EXERCISE PROMPT: Transcribe each record precisely; images stay out.

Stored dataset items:
-- Opening Marker --
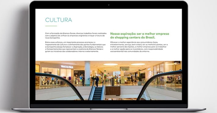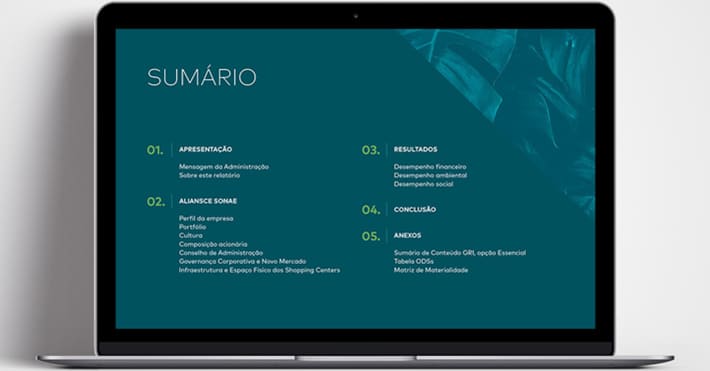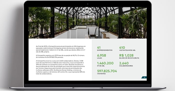 Produzimos anualmente o design do Relatório Socioambiental da Aliansce Sonae, que contém todas as atividades e ações praticadas pelos shoppings do grupo. Criamos um relatório clean e moderno e de acordo com a identidade visual da empresa.
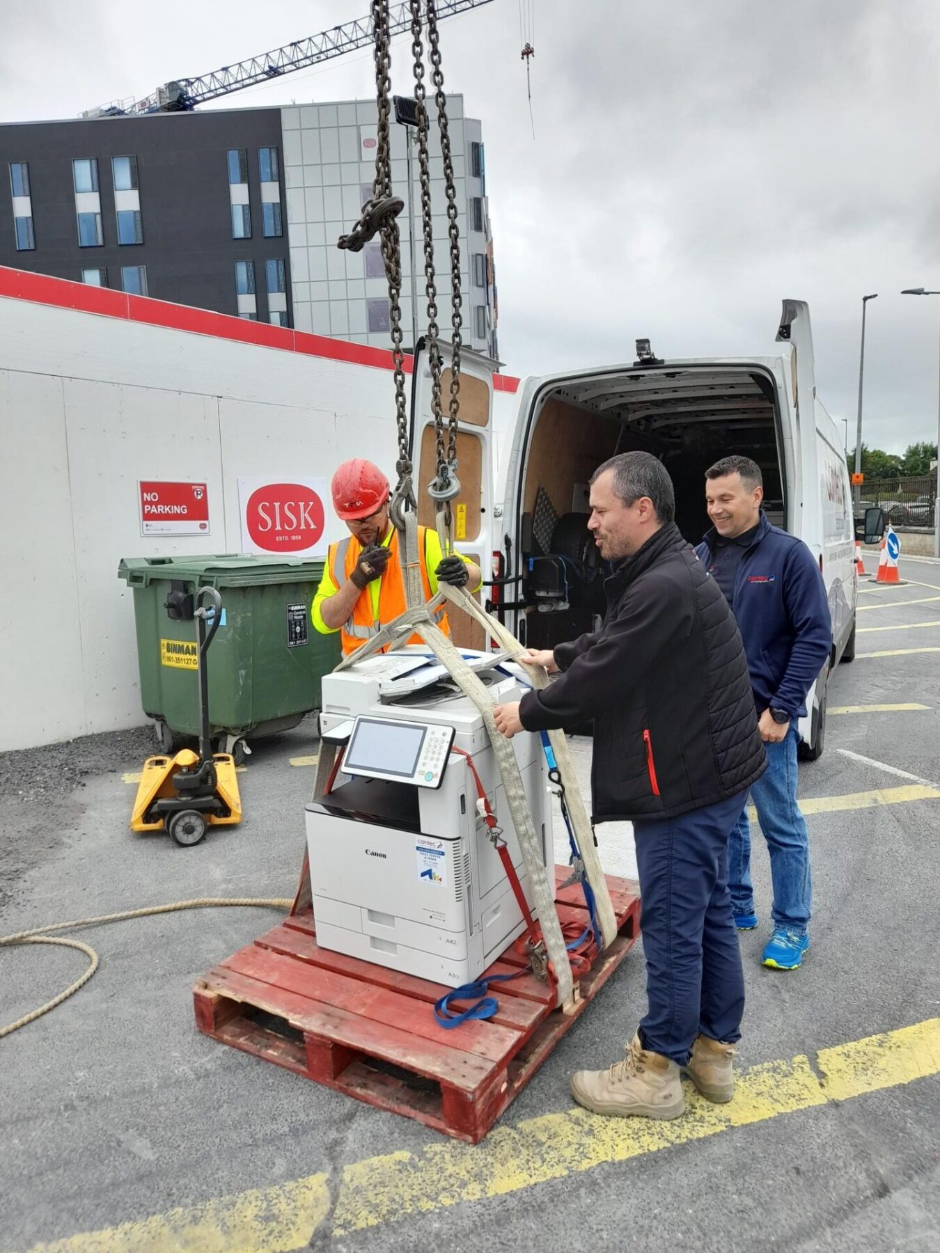 July brought one of our more unique deliveries, a Canon multifunction printer that required a crane lift into University Hospital Limerick for our client, Tyrone Formwork. A perfect reminder that no delivery is too big (or too high up) for our team!
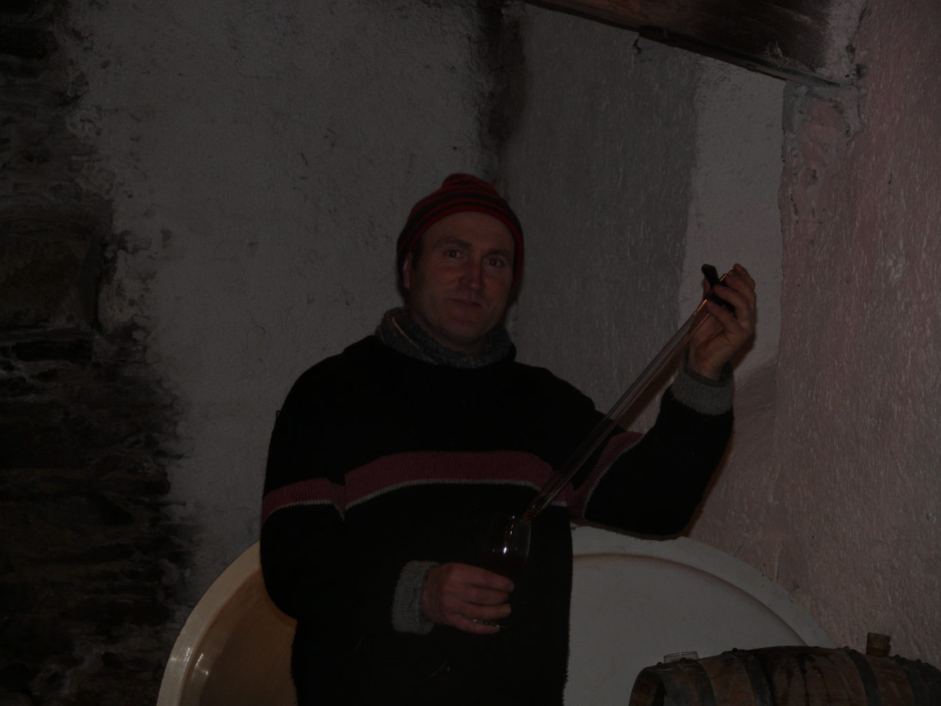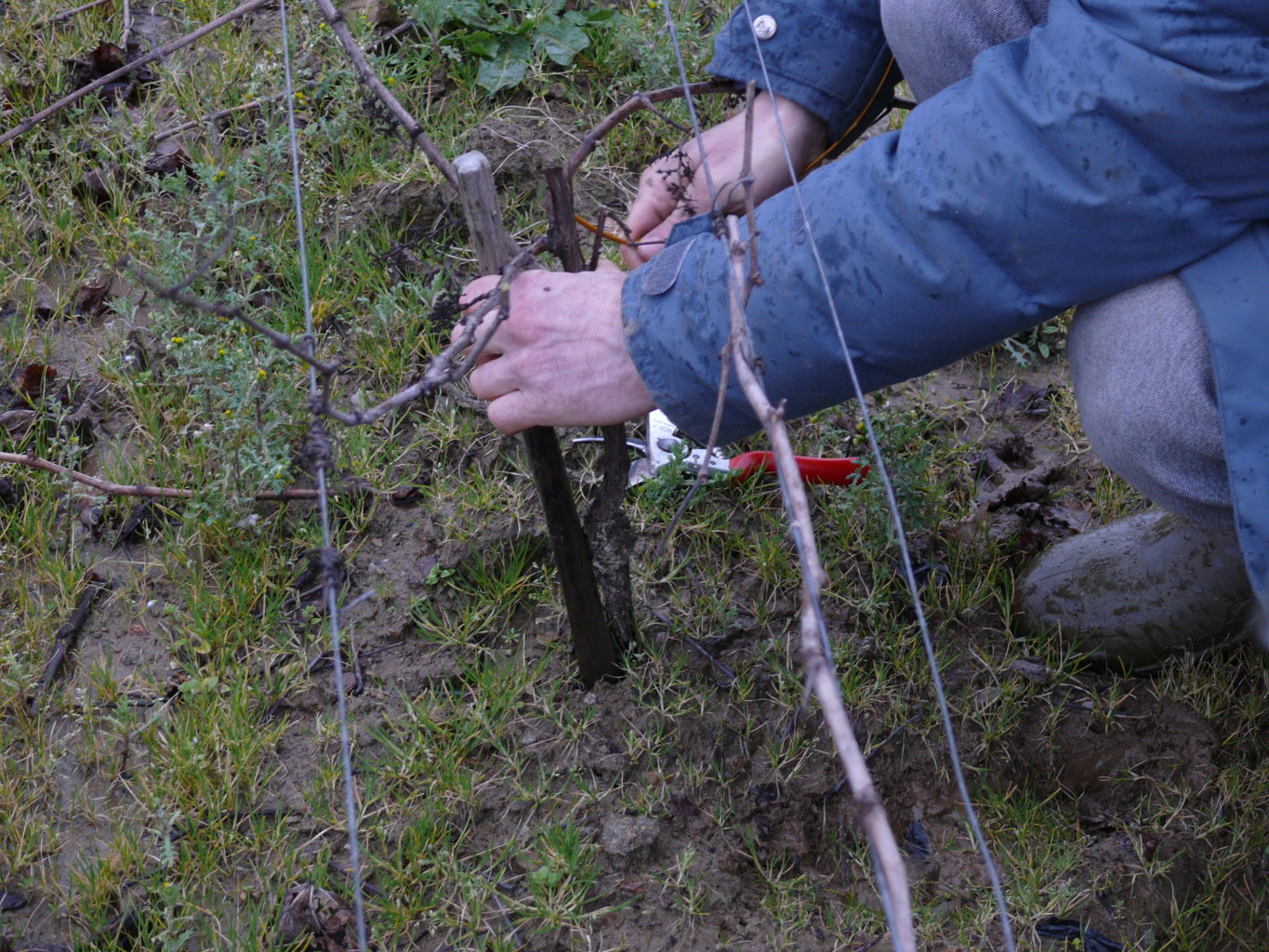 2 février 2014. C’est l’hiver, la grisaille s’étend sur les coteaux du Muscadet et le vent souffle. Il faut pourtant mettre le nez dehors pour aller tailler la vigne. Le Pé de Sèvre, sur la commune du Pallet est un pittoresque hameau en bord de Sèvre, Pé signifie butte. C’était autrefois un port où s’amarraient les gabarres qui naviguaient sur la Sèvre et acheminaient ainsi le vin et d’autres denrées vers la Loire. Maisons de schiste, ruelles étroites, le village est endormi. C’est là que Christophe Maillard, vigneron, imprime son empreinte et, les beaux jours revenus, réveille le village par les animations dont il a le secret.
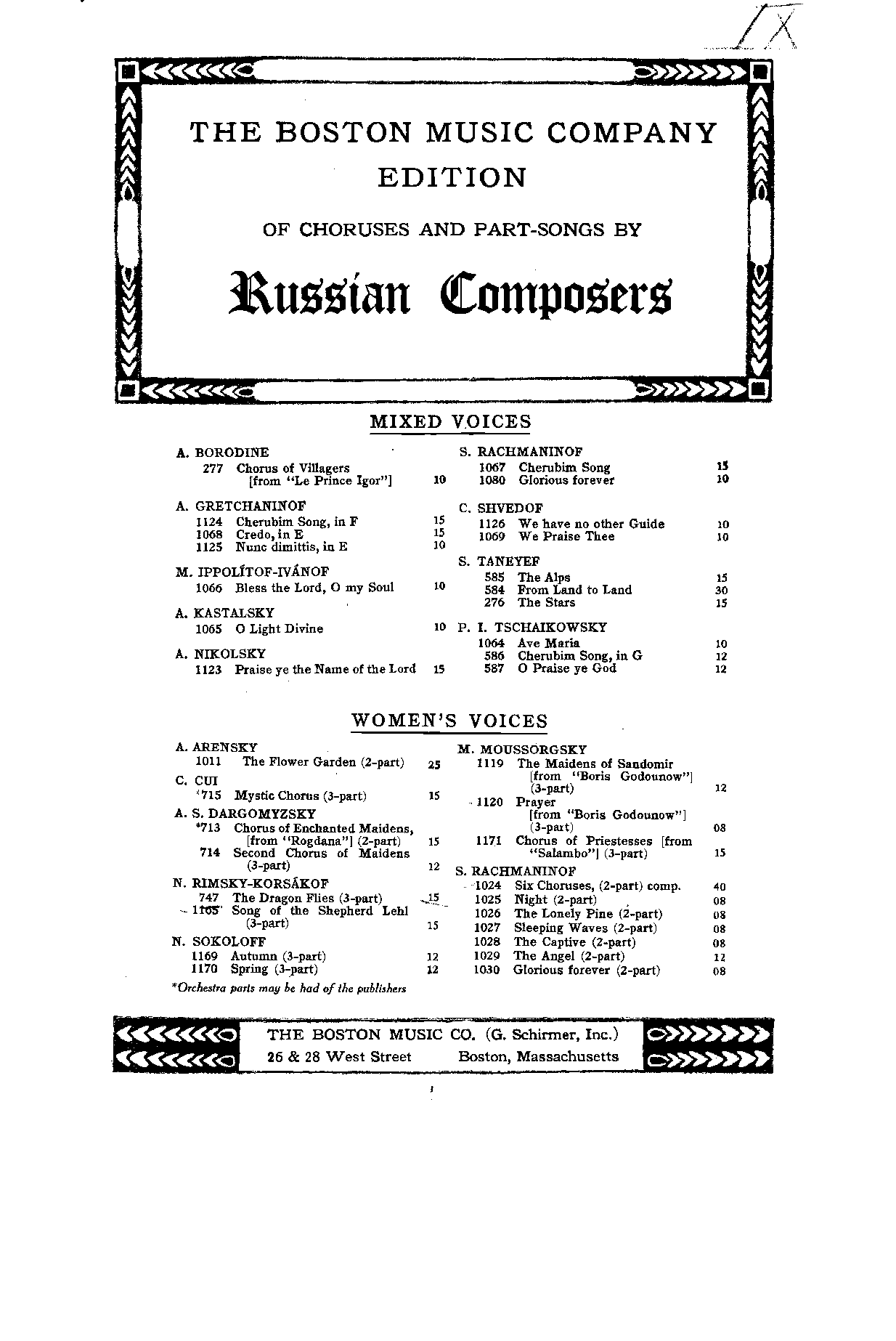 | First Publication. | 1898 – Leipzig: M.P. Belaieff. Full score. Plate 1723. 1898 – Leipzig: M.P. Belaieff. Orchestral parts. Plate 1724. 1898 – Leipzig: M.P. Belaieff. Vocal score. Plate 1725. 1899 – Leipzig: M.P. Belaieff. Choral parts. Plate 1982. |
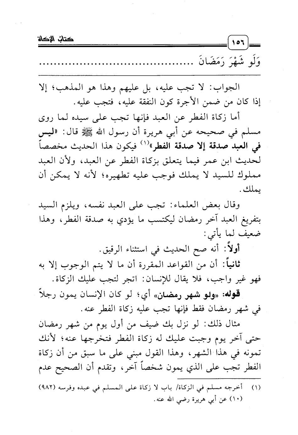 وقال بعض العلماء: تجب على العبد نفسه، ويلزم السيد بتفريغ العبد آخر رمضان ليكتسب ما يؤدي به صدقة الفطر، وهذا ضعيف لما يأتي:
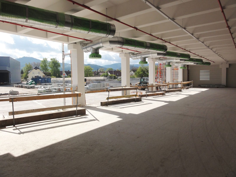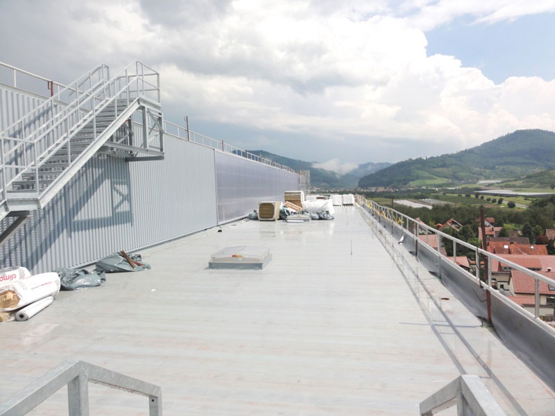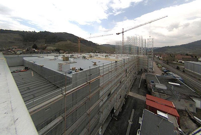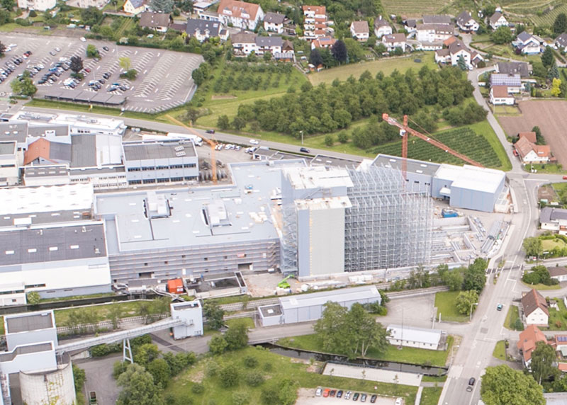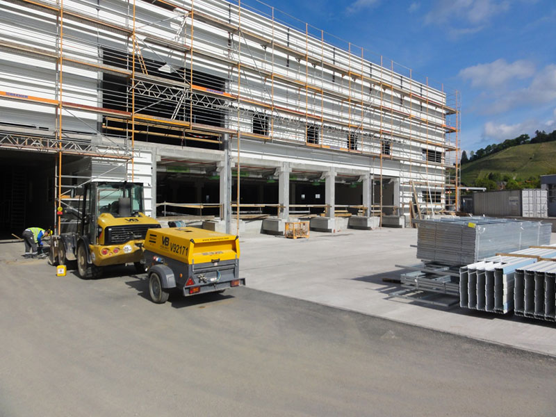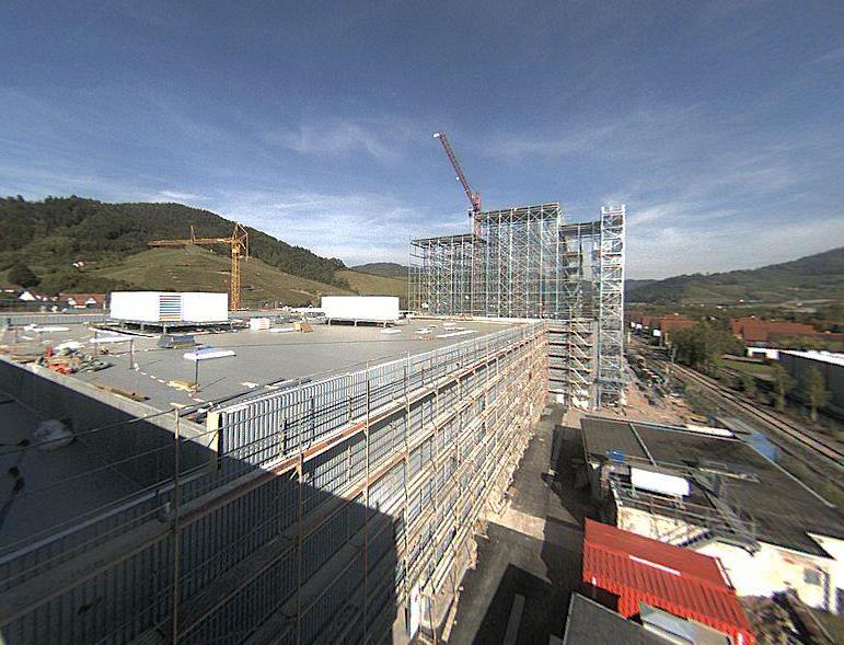 Parallel dazu wurden die Rohbauarbeiten für das Schneidezentrum und den neuen Versand weitgehend abgeschlossen. Aktuell werden die Dach- und Fassadenelemente verlegt und die Werksstraße im EG des Formatgebäudes weiter fortgeführt.
-- Closing Marker --
YOUR RESPONSE:
 Produzimos anualmente o design do Relatório Socioambiental da Aliansce Sonae, que contém todas as atividades e ações praticadas pelos shoppings do grupo. Criamos um relatório clean e moderno e de acordo com a identidade visual da empresa.
 July brought one of our more unique deliveries, a Canon multifunction printer that required a crane lift into University Hospital Limerick for our client, Tyrone Formwork. A perfect reminder that no delivery is too big (or too high up) for our team!
 2 février 2014. C’est l’hiver, la grisaille s’étend sur les coteaux du Muscadet et le vent souffle. Il faut pourtant mettre le nez dehors pour aller tailler la vigne. Le Pé de Sèvre, sur la commune du Pallet est un pittoresque hameau en bord de Sèvre, Pé signifie butte. C’était autrefois un port où s’amarraient les gabarres qui naviguaient sur la Sèvre et acheminaient ainsi le vin et d’autres denrées vers la Loire. Maisons de schiste, ruelles étroites, le village est endormi. C’est là que Christophe Maillard, vigneron, imprime son empreinte et, les beaux jours revenus, réveille le village par les animations dont il a le secret.
 | First Publication. | 1898 – Leipzig: M.P. Belaieff. Full score. Plate 1723. 1898 – Leipzig: M.P. Belaieff. Orchestral parts. Plate 1724. 1898 – Leipzig: M.P. Belaieff. Vocal score. Plate 1725. 1899 – Leipzig: M.P. Belaieff. Choral parts. Plate 1982. |
 وقال بعض العلماء: تجب على العبد نفسه، ويلزم السيد بتفريغ العبد آخر رمضان ليكتسب ما يؤدي به صدقة الفطر، وهذا ضعيف لما يأتي:
 Parallel dazu wurden die Rohbauarbeiten für das Schneidezentrum und den neuen Versand weitgehend abgeschlossen. Aktuell werden die Dach- und Fassadenelemente verlegt und die Werksstraße im EG des Formatgebäudes weiter fortgeführt.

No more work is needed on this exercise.